Below are records with pictures in them. Output exactly the lines from the one with "根据知名数码博主@科技新一的爆料显示,三款新iPhone的名称分别为iPhone XS(5.8英寸版)、iPhone XS" through the one with "Designed specifically to", both included, and leave every picture out; give only those lines.
Task inputs section start
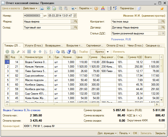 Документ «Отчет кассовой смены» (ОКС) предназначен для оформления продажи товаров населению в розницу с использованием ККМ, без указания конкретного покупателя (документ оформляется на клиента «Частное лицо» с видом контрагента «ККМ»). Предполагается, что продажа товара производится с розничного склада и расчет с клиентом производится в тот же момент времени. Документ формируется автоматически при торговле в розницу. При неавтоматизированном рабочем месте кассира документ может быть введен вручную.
Task inputs section end
Task inputs section start
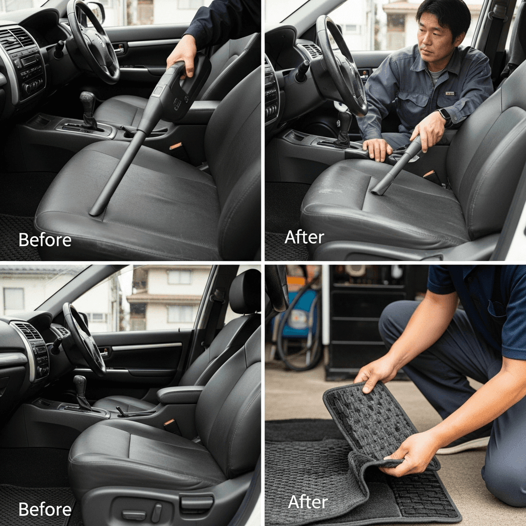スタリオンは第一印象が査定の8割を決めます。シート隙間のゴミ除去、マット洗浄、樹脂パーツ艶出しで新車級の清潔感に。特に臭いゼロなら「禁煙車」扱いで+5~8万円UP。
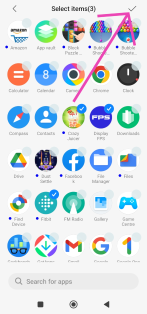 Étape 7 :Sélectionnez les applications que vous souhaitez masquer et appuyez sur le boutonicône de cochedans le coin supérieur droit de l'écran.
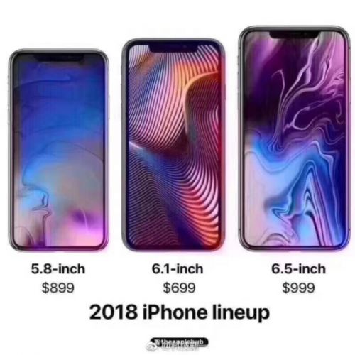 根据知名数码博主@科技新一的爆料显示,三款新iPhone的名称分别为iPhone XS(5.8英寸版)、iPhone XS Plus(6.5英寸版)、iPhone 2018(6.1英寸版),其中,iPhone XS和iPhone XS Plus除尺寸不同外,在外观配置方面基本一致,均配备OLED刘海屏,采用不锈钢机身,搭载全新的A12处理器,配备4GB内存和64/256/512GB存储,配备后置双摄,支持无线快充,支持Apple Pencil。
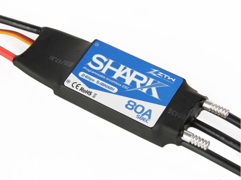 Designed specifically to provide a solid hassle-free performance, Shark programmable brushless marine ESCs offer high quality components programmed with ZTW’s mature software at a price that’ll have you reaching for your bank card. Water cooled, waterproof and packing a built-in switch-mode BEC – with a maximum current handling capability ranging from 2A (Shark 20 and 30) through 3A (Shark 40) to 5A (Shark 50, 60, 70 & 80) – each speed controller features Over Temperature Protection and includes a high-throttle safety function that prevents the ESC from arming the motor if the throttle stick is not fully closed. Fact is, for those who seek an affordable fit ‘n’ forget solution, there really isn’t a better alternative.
Task inputs section end
Solved exercise>
 根据知名数码博主@科技新一的爆料显示,三款新iPhone的名称分别为iPhone XS(5.8英寸版)、iPhone XS Plus(6.5英寸版)、iPhone 2018(6.1英寸版),其中,iPhone XS和iPhone XS Plus除尺寸不同外,在外观配置方面基本一致,均配备OLED刘海屏,采用不锈钢机身,搭载全新的A12处理器,配备4GB内存和64/256/512GB存储,配备后置双摄,支持无线快充,支持Apple Pencil。
 Designed specifically to provide a solid hassle-free performance, Shark programmable brushless marine ESCs offer high quality components programmed with ZTW’s mature software at a price that’ll have you reaching for your bank card. Water cooled, waterproof and packing a built-in switch-mode BEC – with a maximum current handling capability ranging from 2A (Shark 20 and 30) through 3A (Shark 40) to 5A (Shark 50, 60, 70 & 80) – each speed controller features Over Temperature Protection and includes a high-throttle safety function that prevents the ESC from arming the motor if the throttle stick is not fully closed. Fact is, for those who seek an affordable fit ‘n’ forget solution, there really isn’t a better alternative.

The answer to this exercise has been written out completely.